We arrived at the ultrasound and it felt a little different than usual. We had a student doing it and she was very quiet. She had the regular tech come in at the end and use the trans-vaginal ultrasound device to look at my cervix. She said that was normal with twins at this stage. She told me to get dressed but to wait there for her to come back.

She brought back a doctor with her that said my cervix was shortening and that I needed to go over to my doctor's office now and get a shot that would help the babies with their lung development and that I would probably be on bed rest for two weeks. I lost it. I asked questions and I remember that the doctor would not answer them. He said I would need to talk to my doctor. I think Matt was just in shock because we really didn't know what this all meant.

We walked down the hall to my doctor's office, still in tears, and told them why we were there. They had us wait and after what seemed like hours, only a few minutes, they told us they could not administer the shot there because there was not a doctor there to sign off on it. We would have to go over to the hospital across the road and get it there. So still in tears we make our way over to the hospital. We did have to wait a while there. Finally they came and got us and took us to a room. A nurse came in and gave me a shot.
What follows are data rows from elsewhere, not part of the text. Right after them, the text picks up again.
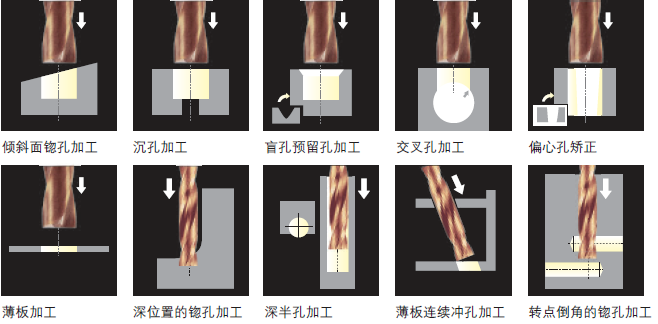□ 一把刀具可實現(xiàn)多種用途,在斜面鉆孔、圓弧面鉆孔、薄板鉆孔和抑制出口毛刺等方面都有很好的表現(xiàn)。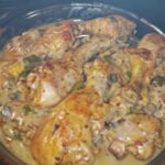 If your skillet is oven-safe, you can proceed in it. If not, transfer the sautéed onions and garlic to a baking dish large enough to hold the chicken in a single layer (a 9×9 or similar size works well). Place the seared chicken legs on top of the onion and garlic mixture. Pour the prepared cream of mushroom soup and milk mixture evenly over the chicken pieces.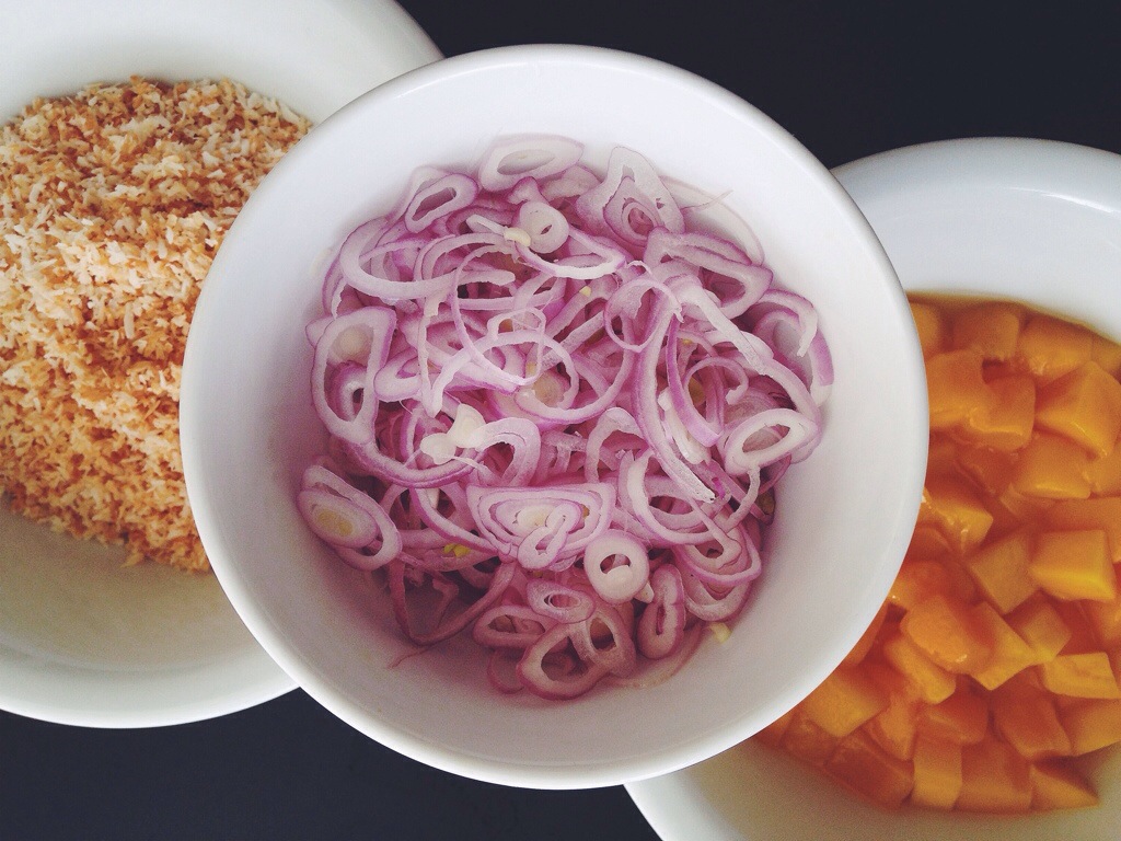 1 cup diced mango, I defrosted and chopped frozen chunks I use in smoothies in a bowl of water

She said my doctor was just getting out of surgery and would be in to see us in a few minutes. She came in and explained to us that what was happening was part of the labor process and that if I did go into labor and deliver the shot would help the babies' lungs develop since it was so early. Since I was at the hospital, and there was a contraction monitor in the room, she decided she wanted to put me on and just see if I was contracting. Ten minutes later she came back in and I was having contractions. Of course I was still upset and this made me start crying again. She was admitting me to the hospital for 48 hours and would give me magnesium to stop my contractions.
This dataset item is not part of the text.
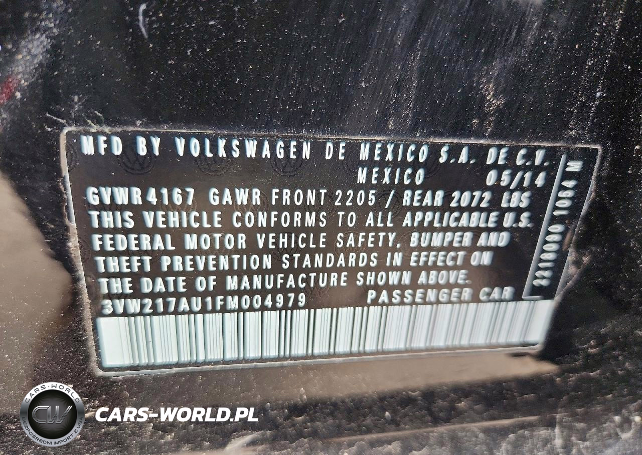 Copart Nr: C-50268866 VIN: 3VW217AU1FM004979 Port: Elizabeth, NJ

At this point, Matt and I had no idea how serious this was nor what was about to happen next. Matt called our parents and let them know what  was going on and we both made arrangements with our work. Even in that situation, I was still scheming how I could be on "bed rest" at home and still work. I fully thought I would only be in the hospital for 48 hours and then be allowed to go home and just rest for the of my pregnancy. My doctor even told me that if she was really worried then she would send me to Baptist Hospital since Lakeside did not have a NICU.

She checked me and I was dilated to a one. They started the magnesium drip. What a sensation that was! I felt like I was on fire and everything touching me made it worse. I just tried to lay as still as I could. I just wanted it to stop. And then 3 hours later, they gave me another round. Again with the fire and the burning...not a fun experience at all.
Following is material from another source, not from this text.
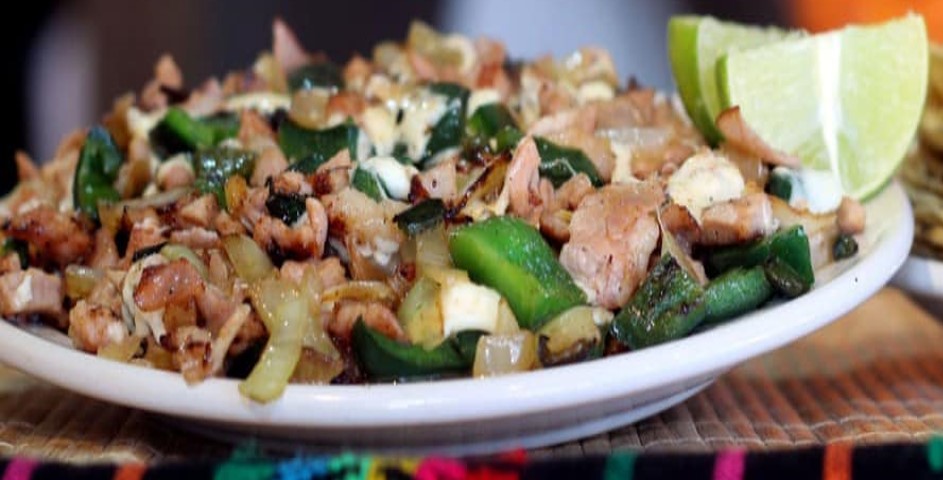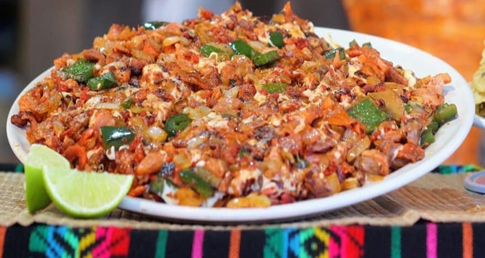 300 gr. Bistec de pco, chorizo, tocino, jamón, cebolla, poblano y queso.

We knew we would be there for at least a day or so, so Matt had our friend Ed meet him at our house so we would just have one vehicle at the hospital. While he was gone, my doctor came in to check me again. I was dilated to a three. She looked at the nurse and told her to call the ambulance because I was going to Baptist.

I called Matt and let him know and he rushed back to the hospital just in time to see them taking me out of the room. I tried to joke with the ambulance people, for my sake, but they were all business. I wanted more than anything to have Matt there with me, but he was following behind in our car. I remember looking out the window of the ambulance and seeing Lake Hefner and thinking how nice it would be to take a drive around it.

Monday, October 3, 2011

It Has Been a While

Eleven months ago I was blogging and then I stopped. My life changed dramatically and quickly and I did not feel like blogging, had no energy to blog, and had no time to blog. Life has continued to change but now I feel like blogging again, have some energy and I am trying to find the time!
A few blogs I am following are doing a 31 day challenge to blog everyday in the month of October. I am a few days behind for all of the above reasons but I am going to still try to do it even if it means running a few days into November!
As I blog these next 31 days I hope to tell the story of how and why I stopped blogging and the blessings that occurred during that time. Hint...I have two babies now!